I have refrained from using the independent variables hwy and mean_fuel to find the dependent variables cty and vice versa because they are bound to have a close correlation.
mlr_model_cty <- lm(cty ~ displ + year + cyl, data = fuel_mpg)
summary(mlr_model_cty)
##
## Call:
## lm(formula = cty ~ displ + year + cyl, data = fuel_mpg)
##
## Residuals:
## Min 1Q Median 3Q Max
## -6.2614 -1.4456 -0.2509 1.0013 14.1903
##
## Coefficients:
## Estimate Std. Error t value Pr(>|t|)
## (Intercept) -114.30388 72.15026 -1.584 0.114511
## displ -1.26087 0.34015 -3.707 0.000263 ***
## year 0.07121 0.03603 1.976 0.049303 *
## cyl -1.21204 0.27174 -4.460 1.28e-05 ***
## ---
## Signif. codes: 0 '***' 0.001 '**' 0.01 '*' 0.05 '.' 0.1 ' ' 1
##
## Residual standard error: 2.451 on 230 degrees of freedom
## Multiple R-squared: 0.6726, Adjusted R-squared: 0.6684
## F-statistic: 157.5 on 3 and 230 DF, p-value: < 2.2e-16
We can see that if the number of cylinders is increased by one unit (one more cylinder), that the city miles per gallon decreases on average by 1.21 miles per gallon (holding all else constant). Similarly, if we increase the displacement by 1 liter, then the city miles per gallon decreases on average by 1.26 miles per gallon (holding all else constant). Both of these variables are statistically significant
This means that displacement and cylinders have a negative relationship with city miles per gallon.

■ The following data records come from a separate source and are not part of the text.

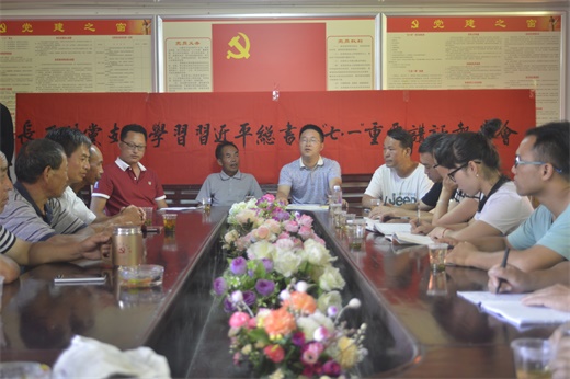 接着,院党总支委员、哲学博士刘风雪为长石村党员宣讲了习近平总书记“七.一” 重要讲话精神。刘博士结合长石村实际、从对不忘初心的解读、中国共产党95年所取得的成绩和不忘初心、继续前进必须牢牢把握的八个方面工作等方面进行了辅导宣讲。然后,书法学教工党支部书记易俊、美术学教工党支部书记杨竞成、分工会主席谭娟、书法学教工党支部党员蒋传存等各自谈了学习心得及对长石村精淮脱贫建言献策。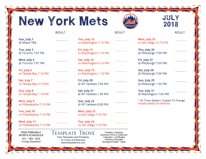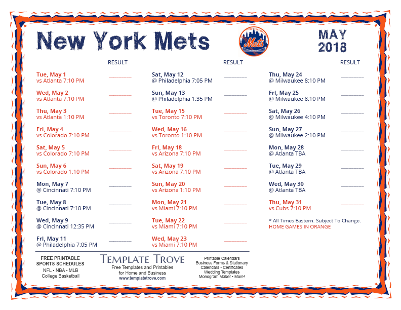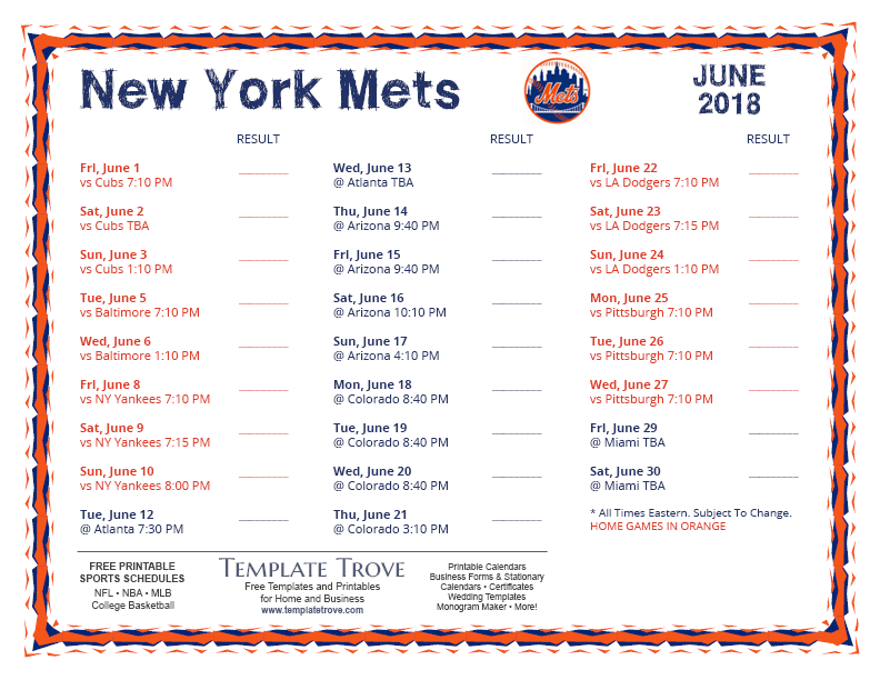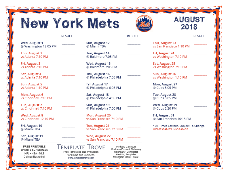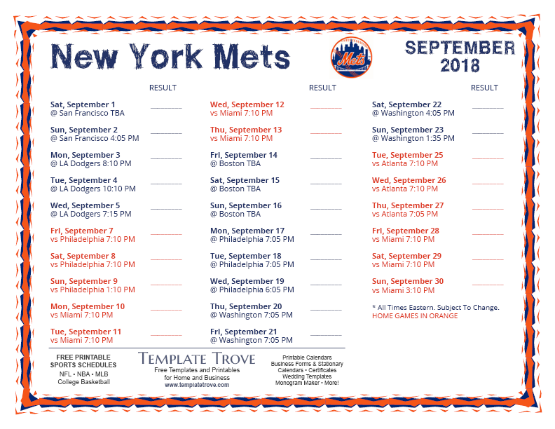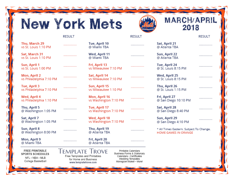 Keep up with the 2018 New York Mets with our handy printable schedules, now available for each US time zone.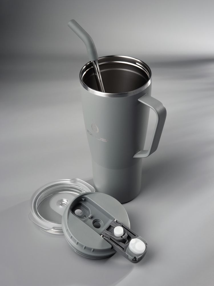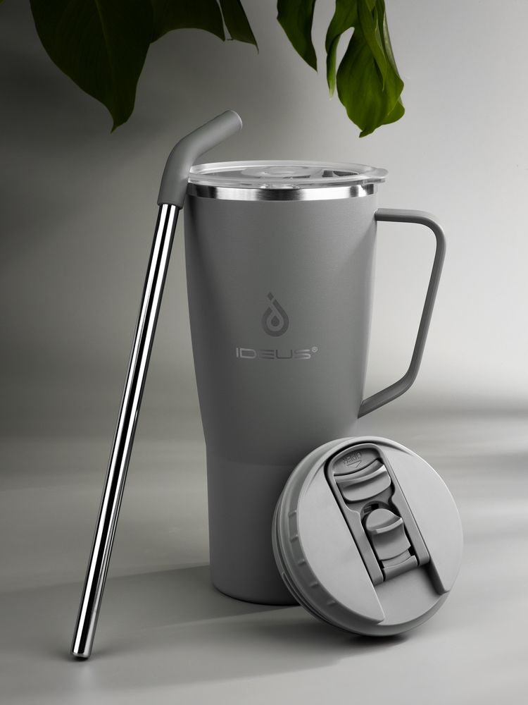 • 2 крышки в комплекте: одна на 100% герметичная с механизмом блокировки отверстия для питья, вторая — с отверстием для трубочки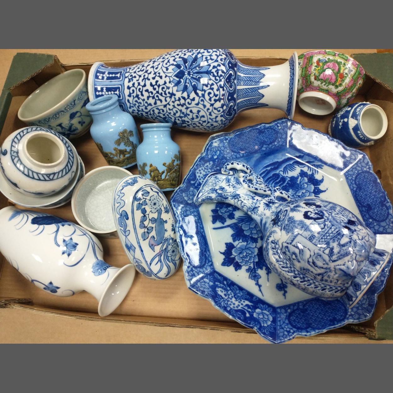 A box of blue and white ceramics to include a lovely Oriental urn 23cm high, a vase 31cm high, 2 octagonal plates 30cm dia. an attractive hand-painted Imari plate and much more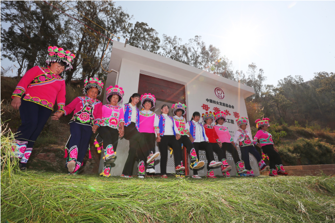 在“世界水日”到来之际,禄丰市黑井镇三合村的彝族妇女们身着盛装、笑靥如花,在刚投入使用的“母亲水窖”旁跳起彝族左脚舞。身后白墙上,“中国妇女发展基金会母亲水窖”几行大字十分醒目。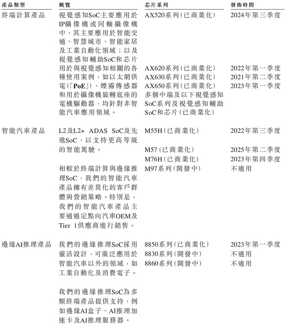 截至2025年9月30日,爱芯元智已独立开发五代SoC并实现其商业化,涵盖数十种类型,已在视觉终端计算、智能汽车和边缘AI推理应用中实现大规模生产;累计交付的SoC超过1.65亿颗。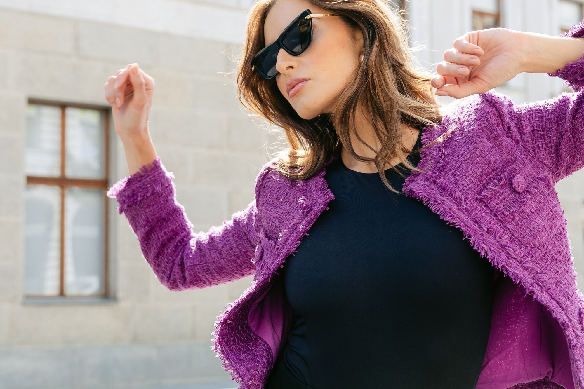 Tweed kann klassisch elegant aber auch lässig zu Sneakers kombiniert werden. Welchen Look man auch bevorzugt – mit Tweed liegt man nie falsch.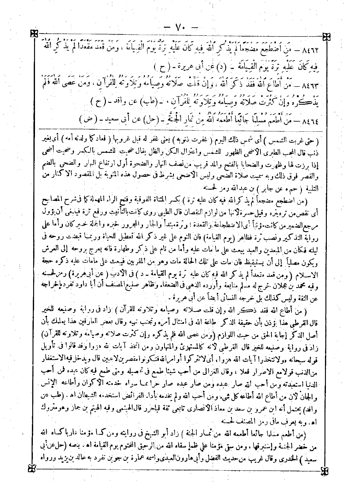 8462 - (من اضطجع مضجعا لم يذكر الله عليه كان عليه ترة) بكسر المثناة الفوقية وفتح الراء المهملة كما في شرح المصابيح أي نقص من تره يتره وقيل حسرة لأنها من لوازم النقصان قال الطيبي: روي كانت بالتأنيث ورفع ترة فينبغي أن يؤول مرجع الضمير من كانت مؤنثا أي الاضطجاعة والقعدة وترة مبتدأ والجار والمجرور خبره والجملة خبر كان وأما على رواية التذكير ونصب ترة فظاهر (يوم القيامة) فإن النوم على غير ذكر الله تعطيل للحياة وربما قبضت روحه في ليلته فكان من المبعدين والعبد يبعث على ما مات عليه وأما من نام على ذكر وطهارة فإنه يعرج بروحه إلى العرش ويكون مصليا إلى أن يستيقيظ فإن مات على تلك الحالة مات وهو من المقربين فيبعث على ما مات ذكره حجة الإسلام (ومن قعد مقعدا لم يذكر الله فيه كان عليه ترة يوم القيامة)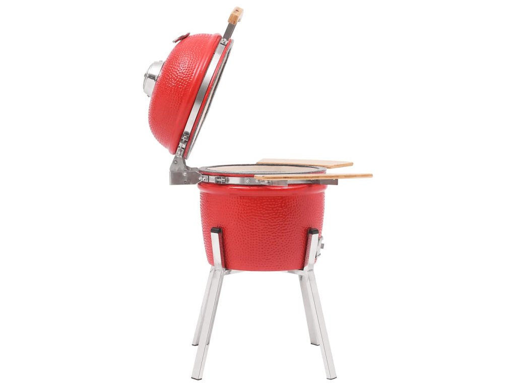 Keramický gril má veľmi pevné sklopné veko s prieduchom a vstavaným teplomerom. Vďaka vrstvenému prieduchu môžete ľahko ovládať prúdenie vzduchu aj teplotu. Dve sklopné bočné police vám poskytnú miesto, kde budete mať svoje nástroje na grilovanie a príslušenstvo na varenie poruke. Vysokokvalitná keramika s glazovanou jamkovou vonkajšou povrchovou úpravou je trvácna a esteticky vyzerajúca. Vďaka tomu umožňuje jedinečný proces varenia, ktorý jedlu dodáva chuť a zároveň ho udržiava výnimočne krehké! Nerezové nožičky dodávajú grilu mimoriadnu stabilitu.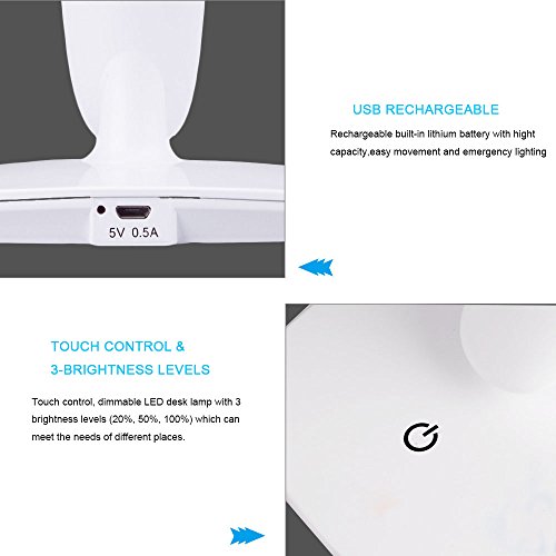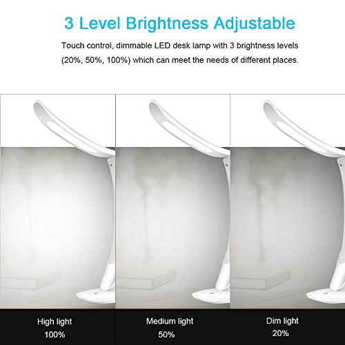 【Touch Control & 3 Brightness Levels】-- Touch control, dimmable LED desk lamp with 3 brightness levels (20%, 50%, 100%) which can meet the needs of different places. Great desk lamp for dorm, dhildren's bedroom, bedside and office.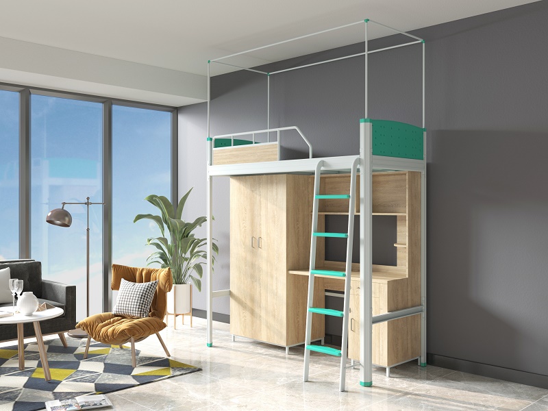 宿舍公寓床又叫宿舍組合床,可以靈活多變,多種顏色款式任您選擇,功能多樣,如儲物柜、書桌、衣柜、鞋柜等,可塑造出不同類型的學(xué)習(xí)與休息環(huán)境。上床下桌的設(shè)計,既方便我們學(xué)習(xí),又方便創(chuàng)造屬于自己的私人空間。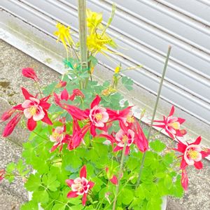 昨年連れて来たオダマキ 綺麗に咲いてくれましたー♥️ 可愛いです🌱😍 彼方此方に蕾沢山🎶 朝イチ花パトも楽しみ〜🥰 ぱーっと咲くのも待ち遠しい🎶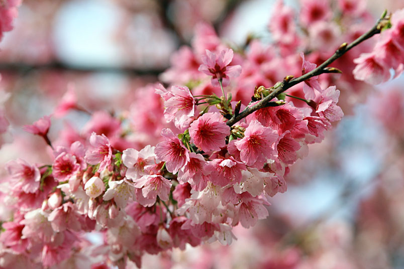 三色櫻其實就是我們所說的寒櫻,三色指的是花朵初綻為白色

mlr_model_hwy <- lm(hwy ~ displ + year + cyl, data = fuel_mpg)
summary(mlr_model_hwy)
##
## Call:
## lm(formula = hwy ~ displ + year + cyl, data = fuel_mpg)
##
## Residuals:
## Min 1Q Median 3Q Max
## -7.3225 -2.2018 0.0091 1.9684 15.4732
##
## Coefficients:
## Estimate Std. Error t value Pr(>|t|)
## (Intercept) -259.12213 109.15941 -2.374 0.01843 *
## displ -2.09122 0.51462 -4.064 6.63e-05 ***
## year 0.14850 0.05451 2.724 0.00694 **
## cyl -1.30653 0.41112 -3.178 0.00169 **
## ---
## Signif. codes: 0 '***' 0.001 '**' 0.01 '*' 0.05 '.' 0.1 ' ' 1
##
## Residual standard error: 3.708 on 230 degrees of freedom
## Multiple R-squared: 0.6172, Adjusted R-squared: 0.6122
## F-statistic: 123.6 on 3 and 230 DF, p-value: < 2.2e-16
Here, we can see that if the number of cylinders is increased by one unit (one more cylinder), that the highway miles per gallon decreases on average by 1.31 miles per gallon (holding all else constant).If we increase the displacement by 1 liter, then the city miles per gallon decreases on average by 2.1 miles per gallon (holding all else constant). Both of these variables are statistically significant.
This means that displacement and cylinders have a negative relationship with highway miles per gallon, but here, compared to city miles per gallon, displacement has a greater negative effect on mileage than in cities, and number of cylinders also has a little bit of a more negative effect on mileage per gallon.